I would suggest that we are at a time in BC education when communication with parents and authentic engagement of them in the learning process of their children is crucial. We have districts exploring the notion that letter grades may be antiquated and a better reporting process is possible. We have a new curriculum that is shifting towards big ideas as oppose to what we are used to in the past. Teachers are tapping into innovative learning strategies such as inquiry/passion based learning while connecting with a global world that technology has made quite small. And all the while, parents are trying to keep up to ensure that their child experiences success when they graduate from the education system.
As educators, we need to be sure we are communicating WITH parents and not AT them. Check out this great post by Chris Wejr on this topic). It is far too important not to have them be a part of learning process of a child in a meaning, purposeful way.

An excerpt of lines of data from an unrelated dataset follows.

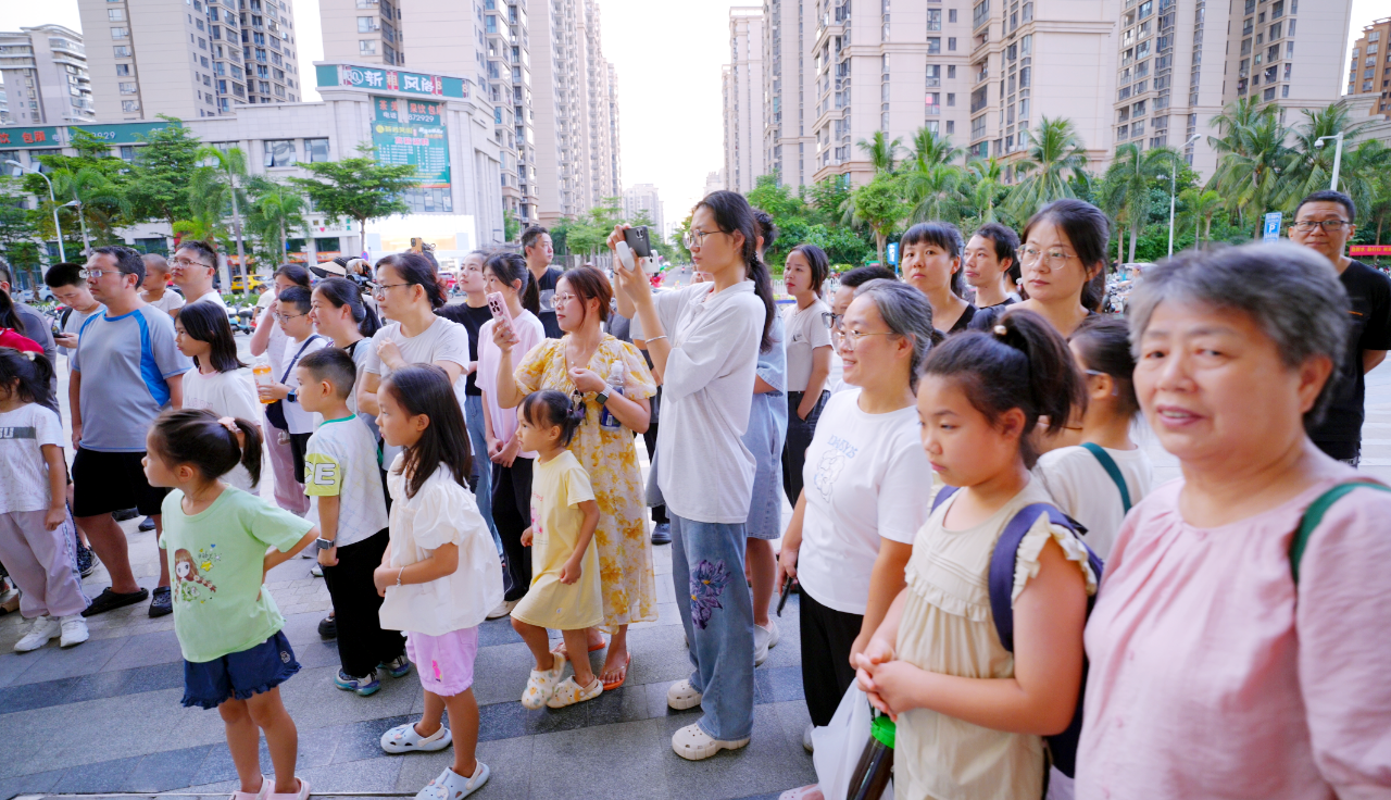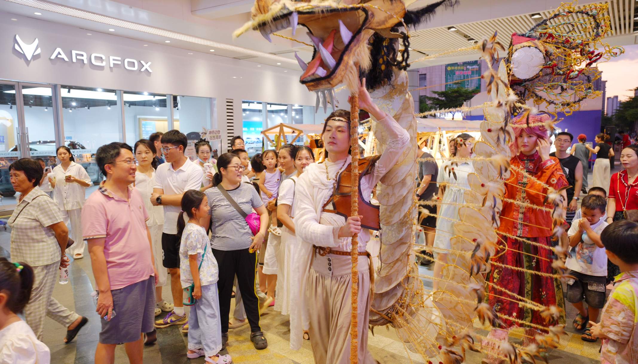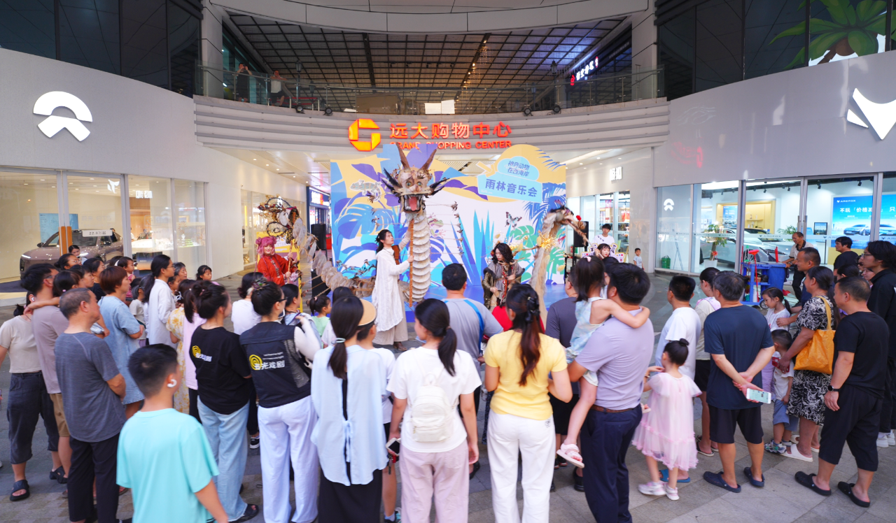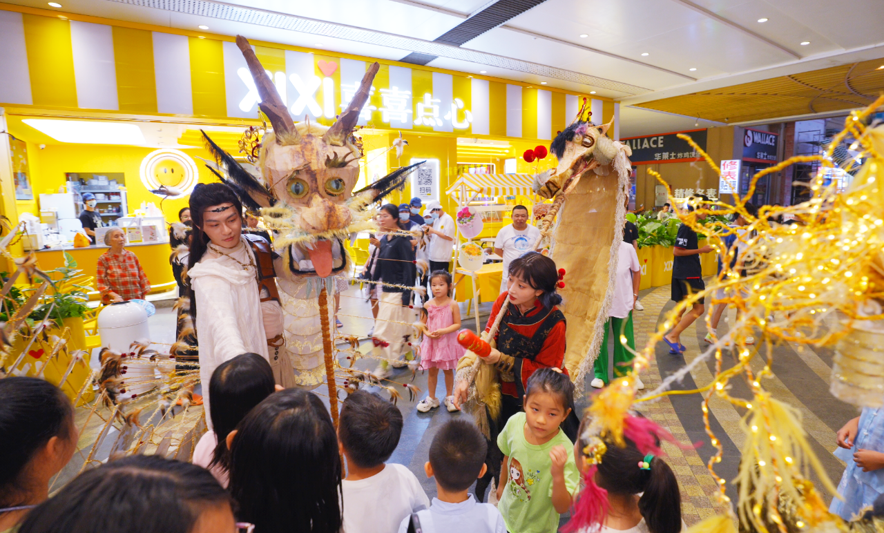 当天,由国内顶尖戏剧团队“有光戏剧”带来的十二时辰系列辰龙《玄龙》剧目,彻底挣脱了镜框式舞台的束缚,所到之处,无不掀起热潮。在海南国际会展中心,龙影随光起舞,磅礴气势直抵人心;在远大购物中心与星茂购物中心繁华熙攘的中庭,巨龙忽而低掠人群,引得惊呼与快门声此起彼伏。
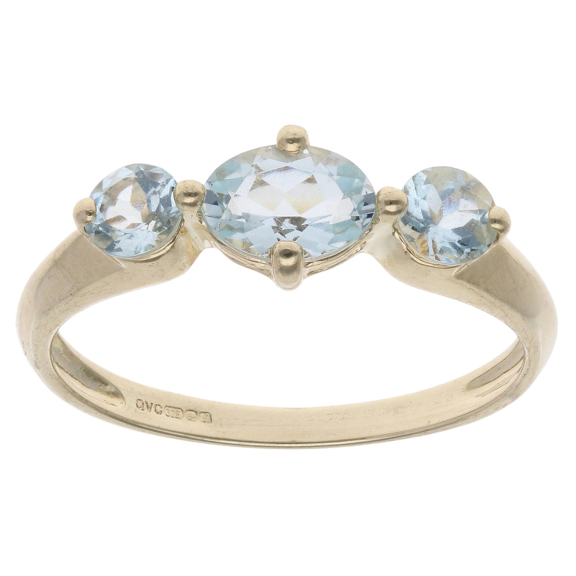 9ct Yellow Gold Blue Gemstone Three Stone Ring
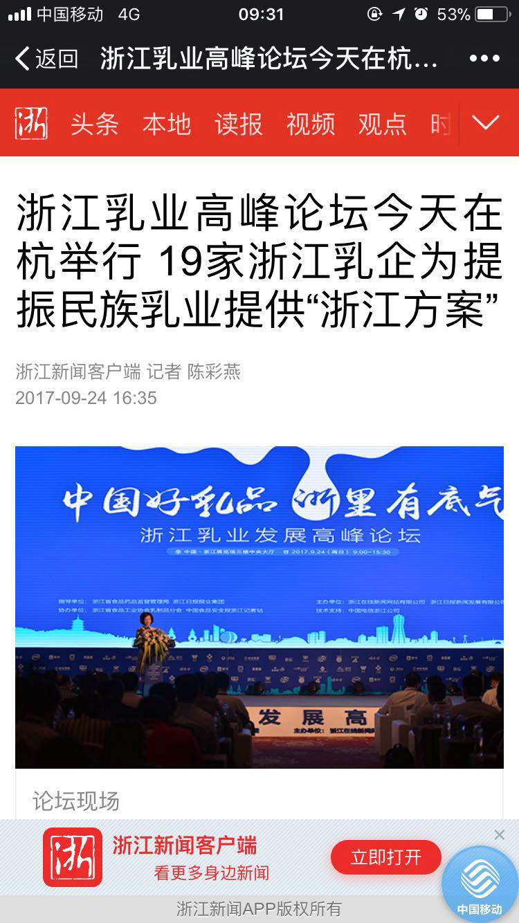 9月24日,“中國(guó)好乳品 浙里有底氣”——浙江乳業(yè)發(fā)展高峰論壇在杭州的浙江展覽館舉行。在以“乳制品企業(yè)的創(chuàng)新發(fā)展之路”為主題的圓桌會(huì)議上,我公司總經(jīng)理王仲達(dá)應(yīng)邀發(fā)言。浙江在線作如下報(bào)道。
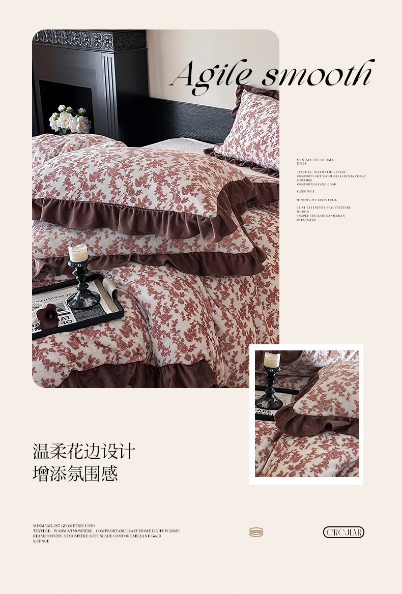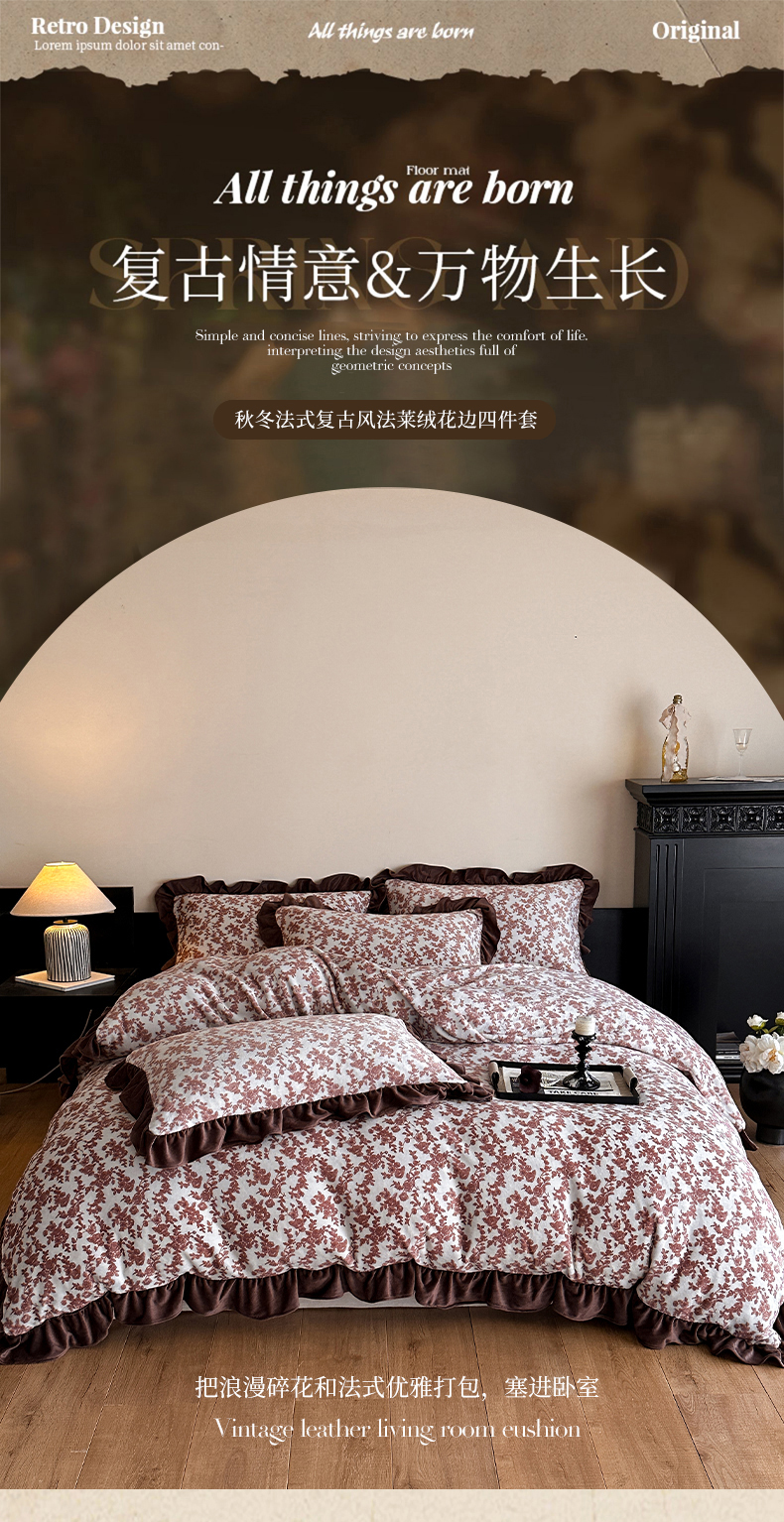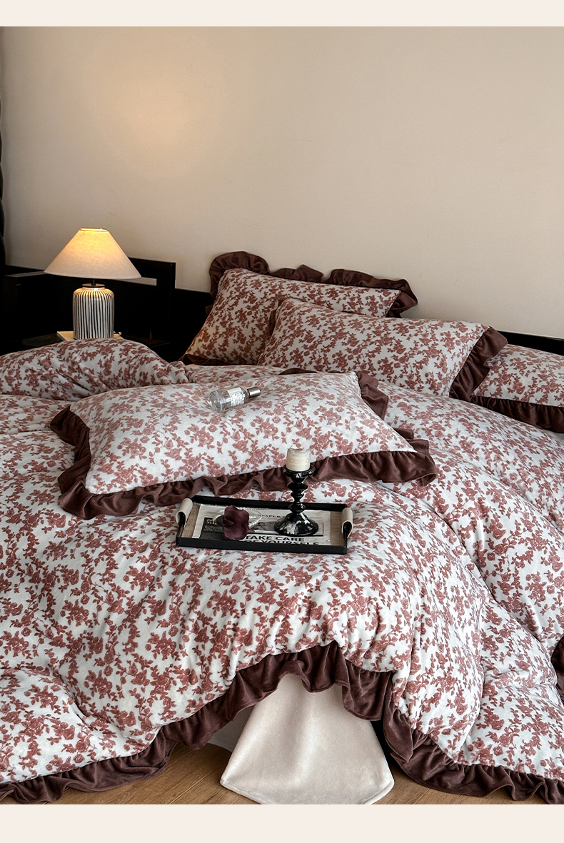 三朵家纺 2025新款秋冬法式复古风法莱绒花边四件套 紫嫣

Educating a child is not like changing a piece of glass. When my brothers begin to use the language of their trade, I don't need to necessarily understand what they are saying. I can go make a sandwich, come back, and have a new window installed at the cabin. But when it comes to learning, research and experience is very clear ... parents cannot send their child to school, go make a sandwich and have an educated child at the end of the day. They are an integral part of that process. So as educators, we need to be sure we take the time to include parents in the conversations, and explain the language we use.
I would love to hear about any structural or systematic processes schools are using to help parents understand edu-speak. I've never been a believer of "dumbing things down" when talking to parents, but I wonder what school-wide processes would help that process be more effective.